2012年8月22日水曜日

国際相続

日本に住んでいたアメリカ人が亡くなった場合,どの国の法律に従って遺産分割をすればよいのでしょうか?

日本に住んでいたアメリカ人が死亡した場合,「相続は,被相続人の本国法による」という法の適用に関する通則法36条によって,アメリカの法律(州法)に従うことになります。
ところが,アメリカは,不動産の相続と動産(その他の財産)の相続を区別して,不動産についてはその所在地法を適用し,動産については被相続人の住所地法(又は本国法)を適用するという「相続分割主義」というのを採用しています。
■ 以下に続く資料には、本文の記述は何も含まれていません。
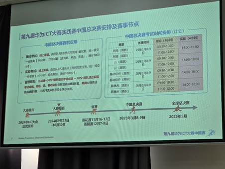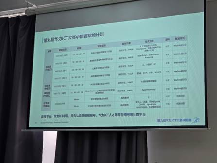 讲解会对华为ICT大赛进行了简要介绍。华为ICT大赛是中国高等教育学会认可的高含金量竞赛项目之一,是“全国普通高校大学生竞赛排行榜”中占据重要地位的学生竞赛,旨在推动ICT领域的教育和人才培养,为学生提供展示技能和创新能力的平台。

したがって,日本で死亡したアメリカ人が日本に不動産を所有している場合,アメリカの法律によれば,不動産の所在地法である日本法を適用することになります。法の適用に関する通則法41条は「当事者の本国法によるべき場合において,その国の法に従えば日本法によるべきときは,日本法による」と規定しており,このことを国際私法の用語で「反致」といいます。
 ただし,英米法系の諸国においては,相続人への相続財産の移転に関して日本法の「包括承継主義」と異なり「管理清算主義」を採用しています。そのため,遺産の管理清算については,動産,不動産を問わず遺産管理地(所在地)法が適用され,残余財産の分配についてのみ相続分割主義により不動産の所在地法が適用されます。





相続人又は被相続人が日本に住んでいない場合,相続税の課税関係は変わってくるのでしょうか?

相続税の納税義務者は,相続又は遺贈により財産を取得した相続人等で,相続人等の居住地や国籍等により,①居住無制限納税義務者,②非居住無制限納税義務者,③制限納税義務者に区分されます。








では,海外に財産がある場合,相続税の対象になるのでしょうか?

納税義務者の区分によって結論が異なってきます。